We set out to test whether political knowledge provides an “enriched environment” for genetic expression in ideology, as research on mass belief systems suggests it might do. Our approach leveraged the natural experiment derived by comparing identical and fraternal twin pairs (same-sex, raised together), a method common in behavioral genetics. The results handsomely supported our expectations: High-knowledge twin pairs show extraordinarily high heritability across varieties of ideology, while the least knowledgeable half showed more meager genetic influence, with robust results across alternative specifications. We conclude that genetic predispositions toward ideological beliefs are highly contingent (though not wholly dependent) on political knowledge for their actualization, because knowledge provides ideal conditions for making those connections.

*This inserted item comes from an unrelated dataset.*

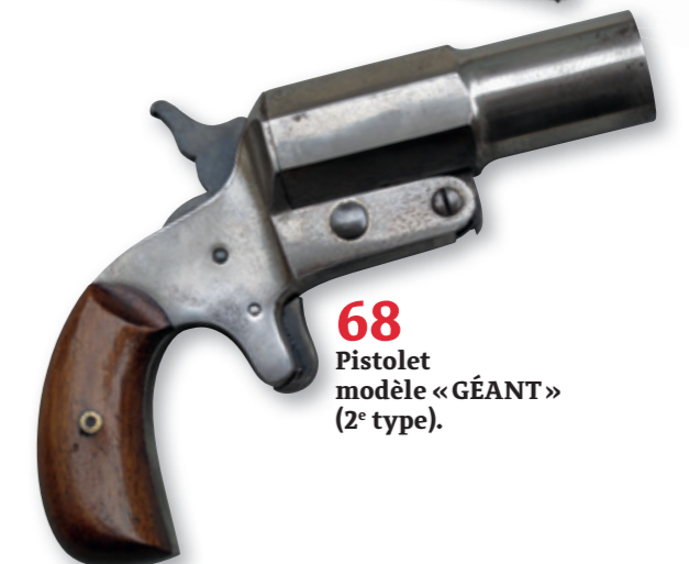
68 Pistolet modèle « GÉANT » (2 e type).

How well does this sample reflect the national population on traits linked to ideology and knowledge? Minnesota Twin Study respondents are older and more educated than the American public, on average, but they are similarly interested in politics and unconstrained in attitudes, like national samples (Arceneaux, Johnson, and Maes Reference Arceneaux, Johnson and Maes2012). Crucially, we found that sample knowledge levels are proportionate to general population surveys. That makes these tests a reasonable basis for inferring general population dynamics on ideological heritability and political sophistication.

More broadly, we recognize our tests as the first look and not the last word. In particular, the small Minnesota samples prevent more precise subsample tests, and public access is limited for data enabling further tests. We look forward to future studies replicating and extending our results.

Philip Converse (Reference Converse2000) always said that ideological analysis must account for huge variance in the public’s political knowledge – and that doing otherwise risked concealing more than it revealed. The tests here show the value of extending Converse’s exhortation to estimates of genetic influence in belief systems. Low-knowledge citizens may inherit genetic ideological predispositions like their high-knowledge peers, but those orientations are weak without the knowledge necessary to determine concrete attitudes and broader structures. Political knowledge is a key binding element for that political development. Merging two important and related but isolated fields in this way adds insight into the origins of ideology and the conditions for genetic influence in politics.